Yes, in the context of SolrCloud, "Node" = "Solr server JVM".
So, "node" is an instance of Solr, which can support multiple cores and
multiple collections - or at least shards of multiple collections.
-- Jack Krupansky
-----Original Message-----
From: Per Steffensen
Sent: Thursday, January 03, 2013 9:52 AM
To: solr-user@lucene.apache.org
Subject: Re: Terminology question: Core vs. Collection vs...
Hi
Here is my version - do not believe the explanations have been very clear
We have the following concepts (here I will try to explain what each the
concept cover without naming it - its hard)
1) Machines (virtual or physical) running Solr server JVMs (one machine
can run several Solr server JVMs if you like)
2) Solr server JVMs
3) Logical "stores" where you can add/update/delete data-instances
(closest to "logical" tables in RDBMS)
4) Logical "slices" of a store (closest to non-overlapping "logical"
sets of rows for the "logical" table in a RDBMS)
5) Physical instances of "slices" (a physical (disk/memory) instance of
the a "logical" slice).
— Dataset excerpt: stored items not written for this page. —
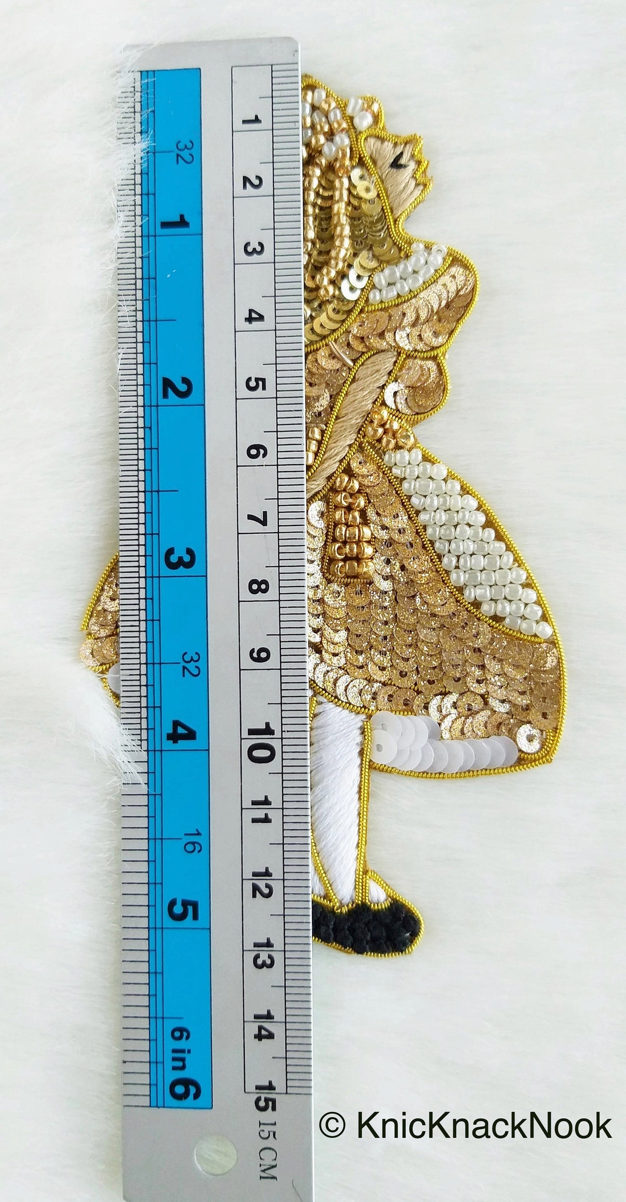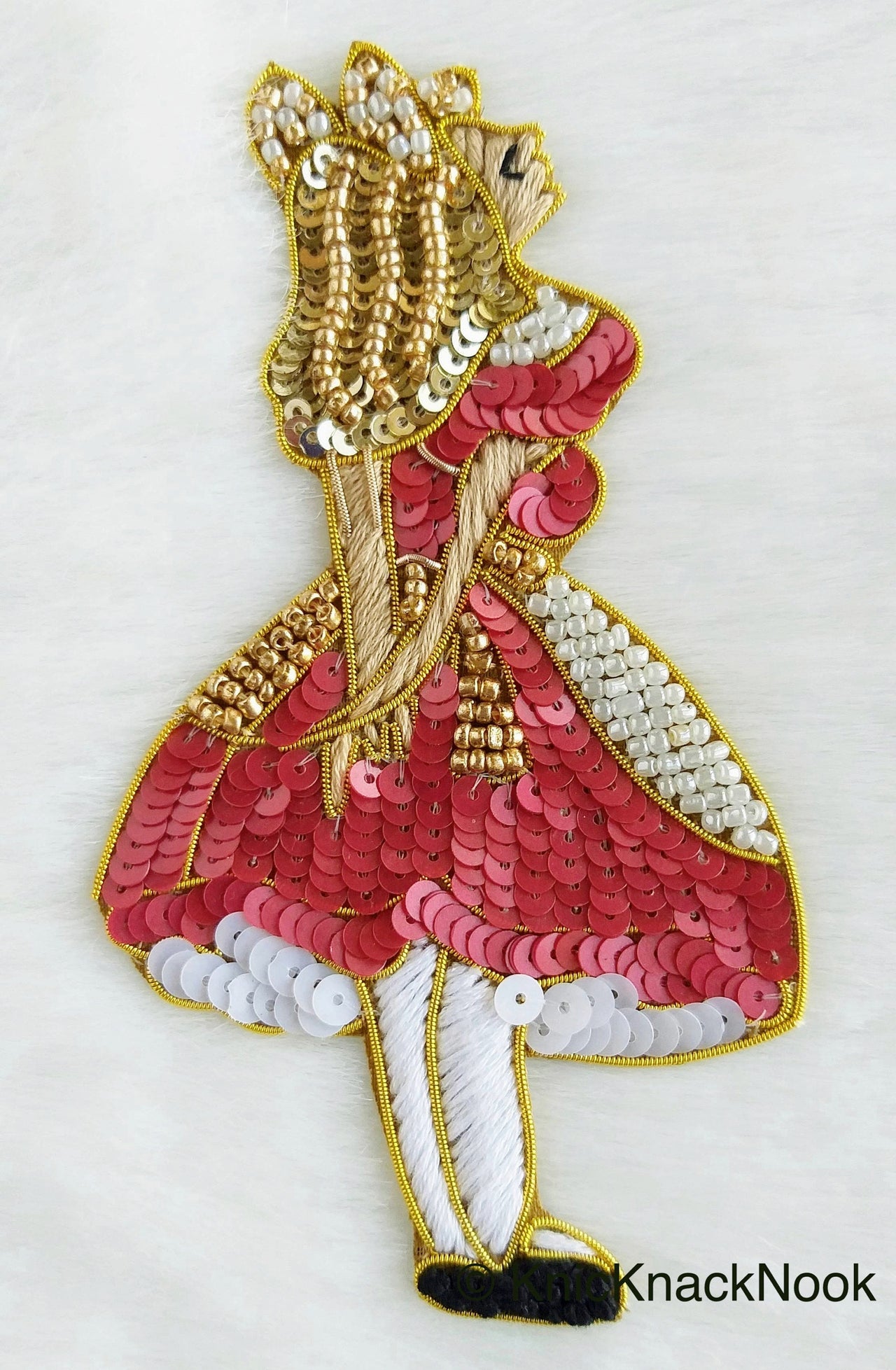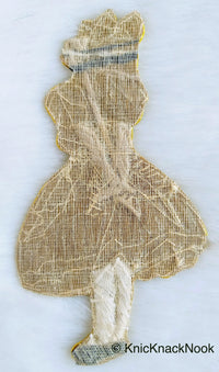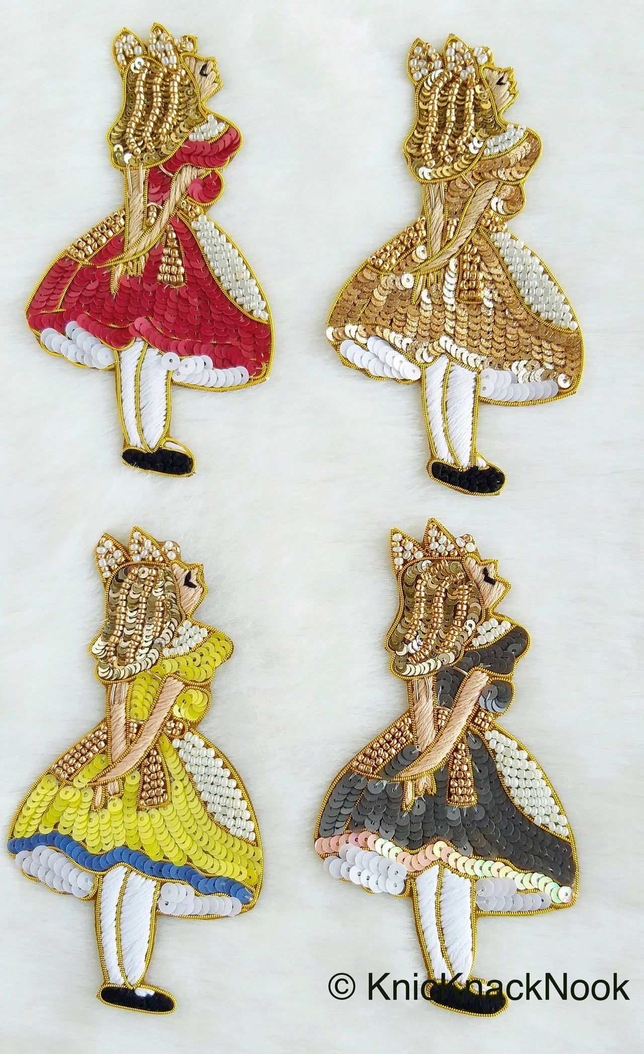 Embroidered Alice In Wonderland Applique With Gold And White Beads, Sequins In Gold, White & Grey / Red / Glitter Gold / Yellow - 210119L243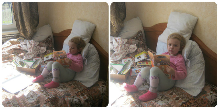К вечеру, когда нужно расстилать кровать, она завалена книжками: то, что мы читали утром, то, что на дневной сон, то, что вечером.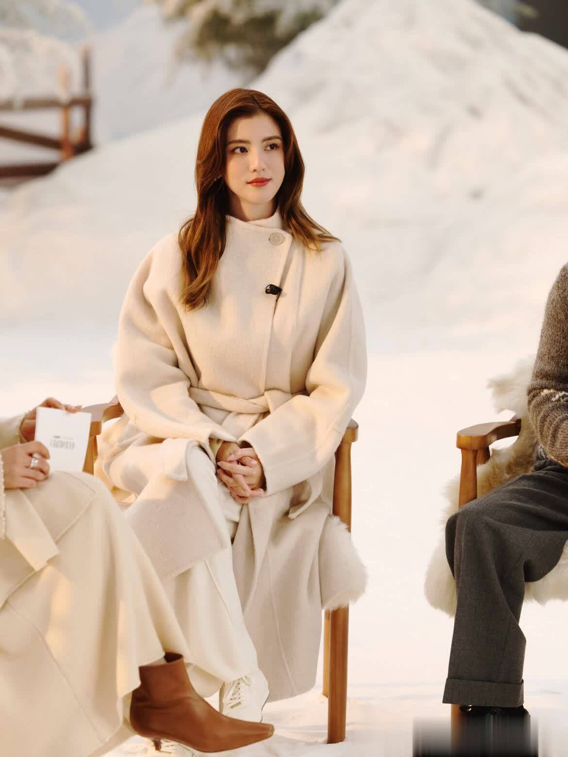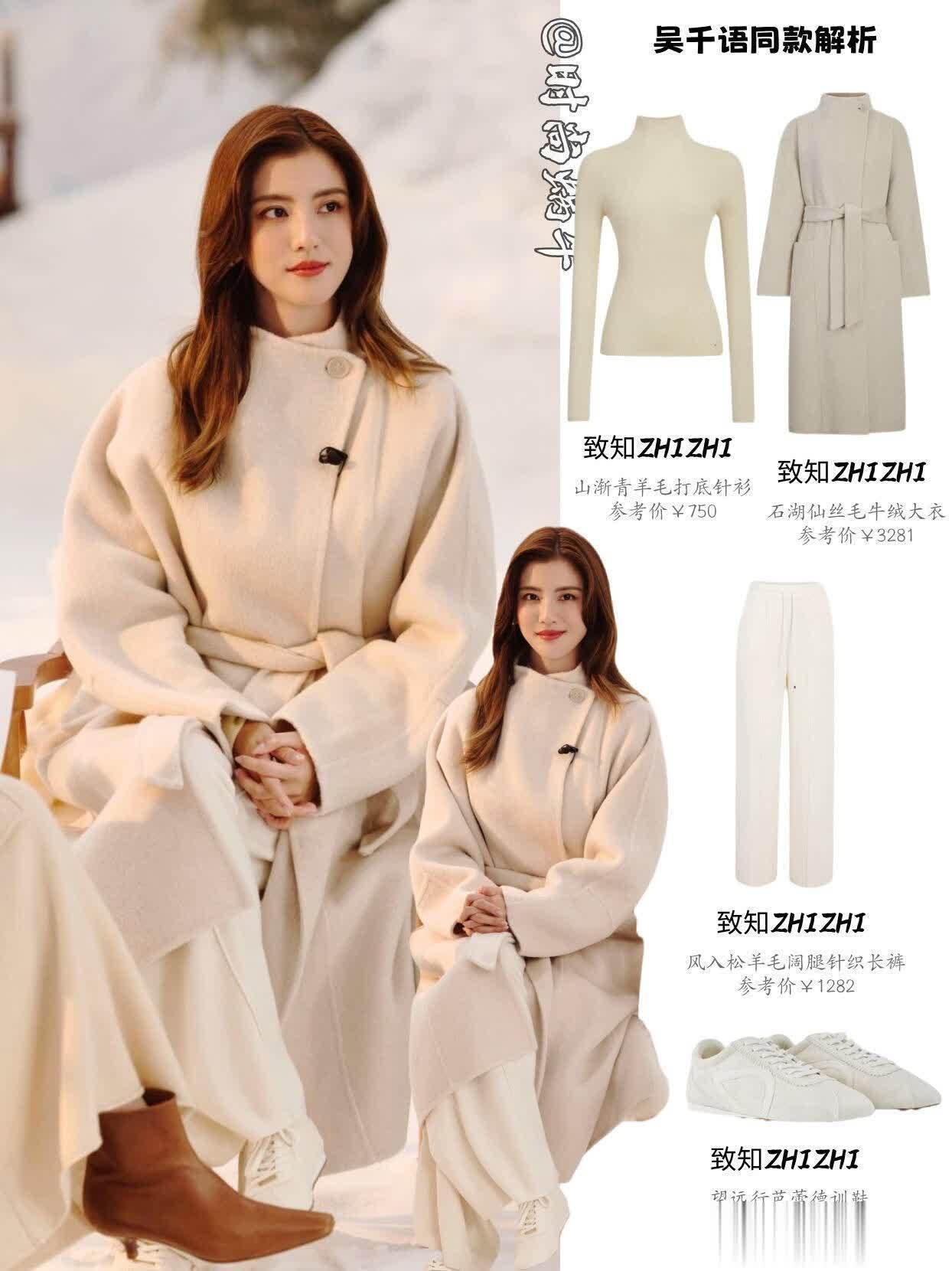 吴千语这波老钱风穿搭真的是把精髓拿捏得死死的!你看她那件白色丝毛牛绒大衣,看着就沉甸甸的有质感,不是那种轻飘飘的料子,垂坠感绝了,长度刚好到小腿肚,既不压个子,走路的时候衣摆带起来的弧度都透着股漫不经心的贵气。里面配的同色系针织裤更绝,裤脚是微喇的,刚好盖住小白鞋的鞋跟,整个线条从肩膀顺到脚面,流畅得像用尺子画出来的,哪有什么挑身材的说法?我这种梨形身材跟着穿,胯宽的地方被大衣挡得严严实实,腿看着直溜溜的,自信心一下就上来了。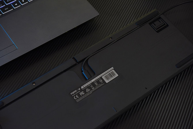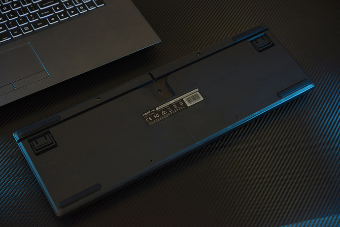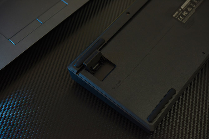 键盘底部同样采用黑色磨砂ABS材质,中间贴有信息铭牌,下方有疏水孔,说明雷柏V808RGB具有一定的防水能力,在遭受到液体入侵时能快速将液体排出,避免积压在内部造成损坏,配有四块长条形防滑脚垫,脚撑部分采用两级设计,可以更精准的调整到合适的高度。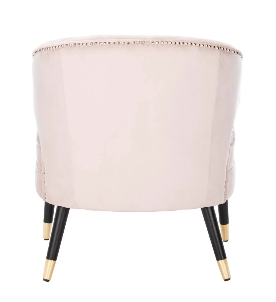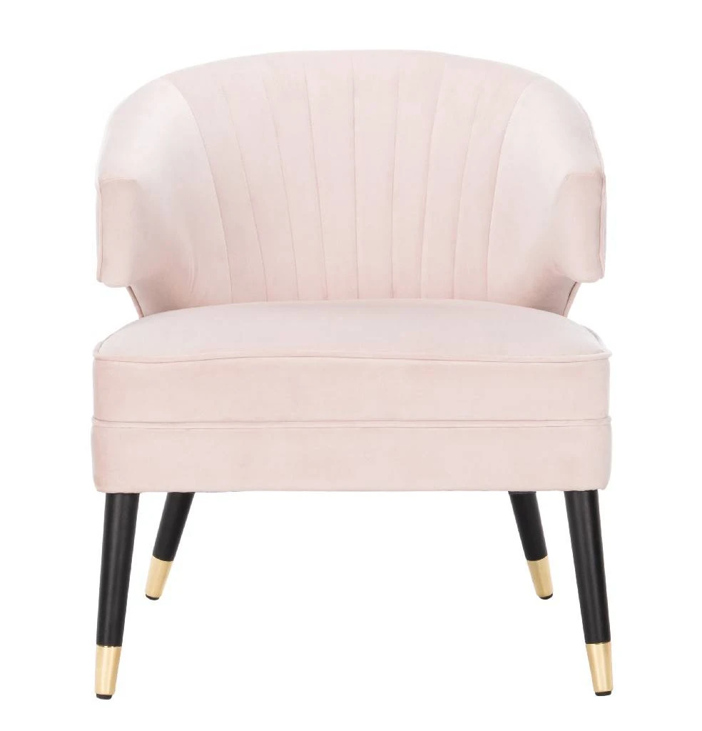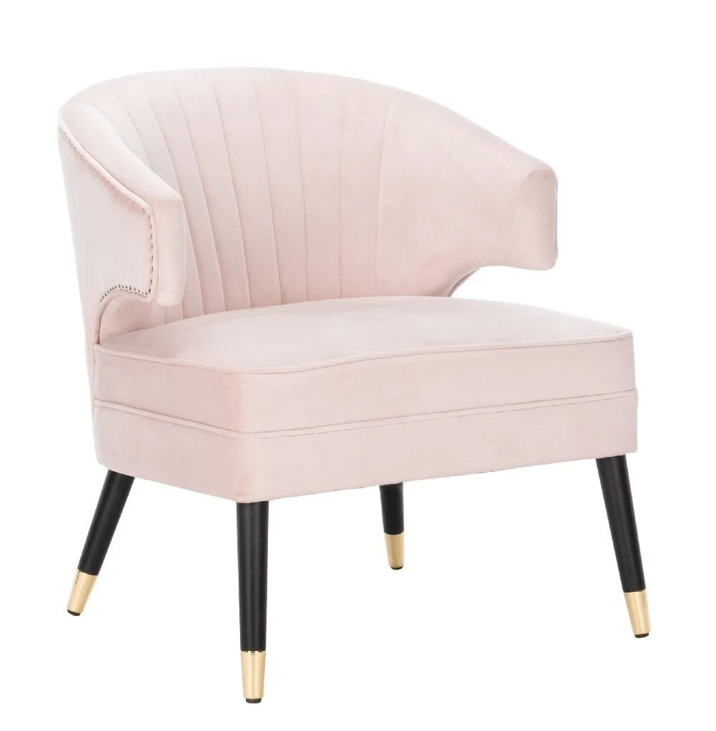 Curl up and unwind in this retro-style wingback accent chair. Inspired by vintage designs, its plush pale pink velvet upholstery with luxurious channeling is an instant invitation to relax. The chic caps on its black wood legs completes its retro look.

This is where data actually goes on disk - the
logical "stores" and "slices" above are just non-physical concepts
Terminology
1) Believe we have no name for this (except of course machine :-) ),
even though Jack claims that this is called a "node". Maybe sometimes it
is called a "node", but I believe "node" is more often used to refer to
a "Solr server JVM".
2) "Node"
3) "Collection"
4) "Shard". Used to be called "Slice" but I believe now it is officially
called "Shard". I agree with that change, because I believe most of the
industry also uses the term "Shard" for this logical/non-physical
concept - just needs to be reflected it across documentation and code
5) "Replica". Used to be called "Shard" but I believe now it is
officially called "Replica". I certainly do not agree with the name
"Replica", because it suggests that it is a copy of an "original", but
it isnt. I would prefer "Shard-instance" here, to avoid the confusion. I
understand that you can argue (if you argue long enough) that "Replica"
is a fine name, but you really need the explanation to understand why
"Replica" can be defended as the name for this. Is is not immediately
obvious what this is as long as it is called "Replica". A "Replica" is
basically a Solr Cloud managed Core and behind every Replica/Core lives
a physical Lucene index. So Replica=Core) contains/maintains Lucene
index behind the scenes. The term "Replica" also needs to be reflected
across documentation and code.
Regards, Per Steffensen
On 1/3/13 10:42 AM, Alexandre Rafalovitch wrote:
Hello,
I am trying to understand the core Solr terminology. I am looking for
correct rather than loose meaning as I am trying to teach an example that
starts from easy scenario and may scale to multi-core, multi-machine
situation.
Here are the terms that seem to be all overlapping and/or crossing over in
my mind a the moment.
1) Index
2) Core
3) Collection
4) Instance
5) Replica (Replica of _what_?)
6) Others?
I tried looking through documentation, but either there is a terminology
drift or I am having trouble understanding the distinctions.
If anybody has a clear picture in their mind, I would appreciate a
clarification.
Regards,
Alex.
Personal blog: http://blog.outerthoughts.com/
LinkedIn: http://www.linkedin.com/in/alexandrerafalovitch
- Time is the quality of nature that keeps events from happening all at
once. Lately, it doesn't seem to be working. (Anonymous - via GTD book)